Новости об обнаружении партии нелегального виски в самом сердце Бронкса очень быстро стали куда более интересными, чем истории об отказе Уоррена Хардинга присоединиться к Лиге Наций. Моей единственной реакцией на передовую статью, в которой осуждалось торговое соглашение Британии с Советской Россией, стала смутная надежда. Теперь я мог написать матери о том, насколько вдохновляющей оказалась Америка. Возможно, ей разрешат приехать ко мне и поселиться здесь. Очень многие из нас тогда хотели верить, что после окончания гражданской войны, когда иностранные правительства возобновят отношения с Россией, многие крайности уйдут в прошлое. Я чувствовал, что судьба России больше не представляет для меня особого интереса, разве что в связи с судьбой моей матери и капитана Брауна (кроме того, официально я считался французом). Не имело значения и поражение испанской армии от Абд аль-Керима в Марокко. Безусловно, самой лучшей новостью стала готовность американского правительства финансировать развитие внутренней авиации. Прочитав об этом, я изучил свои ограниченные ресурсы и занялся устройством дел. Мои каникулы в Нью-Йорке подходили к концу. Следовало отправляться в Вашингтон.

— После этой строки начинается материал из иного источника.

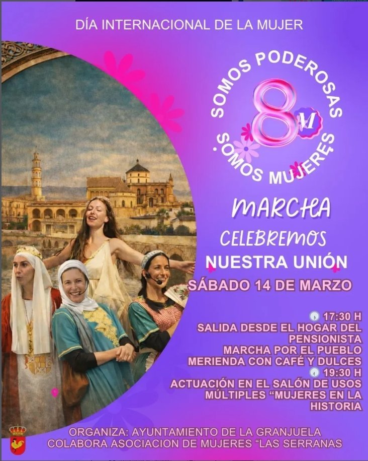Actividades para celebrar el Día Internacional de la Mujer, incluyendo una marcha por el pueblo, merienda con café y dulces, y una actuación en el Salón de Usos Múltiples titulada «Mujeres en la Historia».

Примерно три недели спустя после прибытия в Нью-Йорк я купил чертежную бумагу, все необходимые принадлежности для рисования, заперся в номере с кокаином, кофе и запасом еды и начал тщательно копировать проекты и технические спецификации своих уже запатентованных изобретений. Я складывал их в большую папку. Затем я занялся незапатентованными проектами – трансатлантическими посадочными платформами для самолетов, дирижаблями-госпиталями, которые можно было разместить где угодно, межконтинентальными туннелями, дешевыми методами добычи алюминия из глины, способами производства синтетической резины, летательными аппаратами тяжелее воздуха и дирижаблями с ракетными двигателями. Все это следовало отправить для регистрации в американское патентное бюро. Другие чертежи я решил отослать непосредственно министру внутренних дел, который, как я понял, отвечал за научные проекты. Я также подобрал копии различных газетных статей, хотя они были в основном на французском языке. Корабельная газета поместила небольшую заметку на английском обо мне и моей работе – ее я тоже приложил.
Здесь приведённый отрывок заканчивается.